Face à cela, le Parti socialiste, paralysé par son propre réformisme, ne fit que conseiller la patience face aux agressions fascistes et la confiance dans la protection des institutions bourgeoises, au moment même où police, armée et tribunaux se montraient les complices directs des Chemises noires de Mussolini. Au fond, celles-ci ne représentaient pas une grande force et jouaient surtout de leur mobilité et de leur centralisation. Mais face à elles, les dirigeants du Parti socialiste et des syndicats n'essayèrent pas de coordonner les forces des militants qui tentaient de résister, paralysant d'avance toute riposte des travailleurs. Il est vrai qu'organiser celle-ci à l'échelle du pays aurait impliqué une mobilisation révolutionnaire du prolétariat, ce que les dirigeants réformistes voulaient éviter à tout prix.

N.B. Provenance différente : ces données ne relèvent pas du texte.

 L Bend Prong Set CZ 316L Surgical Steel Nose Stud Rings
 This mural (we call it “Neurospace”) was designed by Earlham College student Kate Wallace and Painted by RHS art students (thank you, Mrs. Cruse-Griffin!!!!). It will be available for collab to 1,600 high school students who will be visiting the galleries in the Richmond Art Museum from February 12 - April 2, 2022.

« Craignant la mobilisation révolutionnaire des ouvriers, les réformistes italiens mettaient tous leurs espoirs dans l'État. (...) Leur mot d'ordre était : "Victor Emmanuel, interviens !" », écrivit Trotsky dix ans plus tard. Le principal dirigeant réformiste, Turati, synthétisa sa politique en déclarant aux militants que, face à l'offensive fasciste, il fallait « avoir le courage d'être un lâche », ajoutant, pour répondre à leurs questions angoissées, qu'il fallait supporter en silence les violences et surtout ne pas leur répondre.

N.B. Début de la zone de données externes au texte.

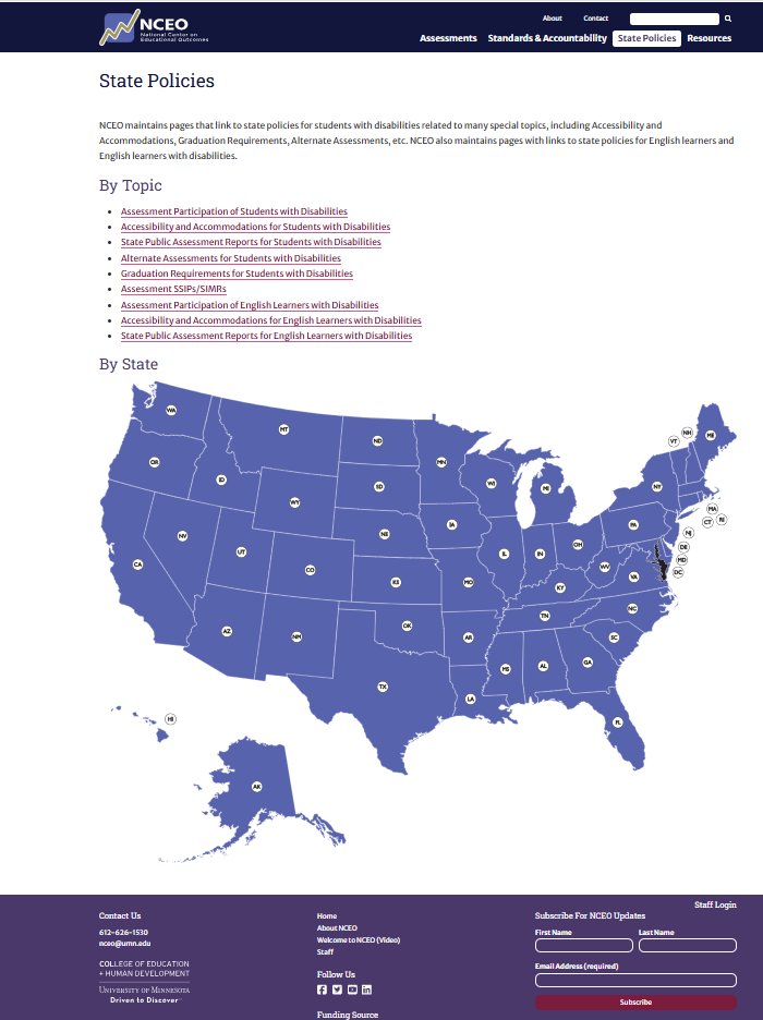 Finding the assessment policies and accommodations manuals for state testing can often feel like a digital scavenger hunt. To simplify this process, NCEO maintains a centralized hub designed to help you quickly locate state assessment policy information. Whether you are looking for specific accommodations for an IEP meeting or researching assessment policies across the country, NCEO’s State Policies Webpage is the place to start.

Quant au tout jeune Parti communiste, né en janvier 1921 d'une scission au sein du Parti socialiste, lors du congrès de Livourne, minoritaire et inexpérimenté, il eut tendance à sous-estimer le danger du fascisme. La situation ne lui laissa pas le temps de surmonter ses erreurs et sa faiblesse.

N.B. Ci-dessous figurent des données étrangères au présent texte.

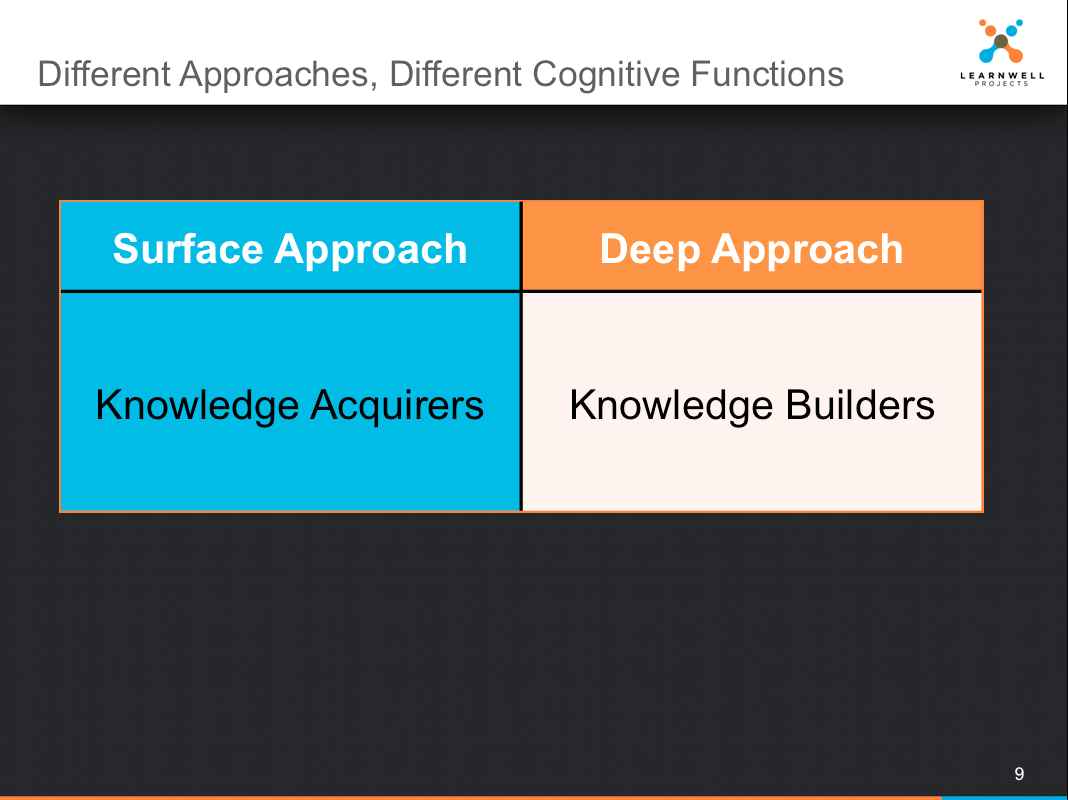 - The approach that students operate within largely dictates how they interact in learning environments and ultimately what they learn.

De la trahison de la révolution à la dictature et à la guerre

Il fallut attendre août 1922 pour voir les dirigeants du mouvement ouvrier appeler, bien tard, à une grève générale de riposte. Ce fut un échec et les fascistes purent saisir l'occasion d'affirmer leur force, à l'exception notable de la ville de Parme, qui sut organiser la résistance et les chasser, montrant ce qu'il aurait été possible de faire à l'échelle du pays. Mais, dès lors, la voie du gouvernement était ouverte à Mussolini.

Une fois Mussolini au pouvoir, fin octobre 1922, la dictature se mit en place, de façon progressive toutefois. Jusqu'en 1925, des possibilités de riposte allaient encore exister. Puis le nouveau pouvoir montra toute son efficacité pour museler la classe ouvrière. Ses organisations furent interdites, les militants ouvriers arrêtés et envoyés en prison ou en déportation. Dans les usines, le patronat put s'attaquer aux travailleurs, les embrigader dans les syndicats fascistes, imposer des salaires diminués de 40 à 50 % sans plus craindre de réaction. La prétendue « révolution fasciste » et la renaissance nationale au nom d'une mythologie reprise à la Rome impériale n'allaient être que la dictature la plus crue du grand capital et de sa soif de profits. Elle allait ensuite lancer l'armée italienne dans de nouvelles guerres coloniales, en Éthiopie et en Libye, qui seraient le prologue d'une nouvelle catastrophe pour tous les prolétaires d'Italie et d'ailleurs : la Deuxième Guerre mondiale.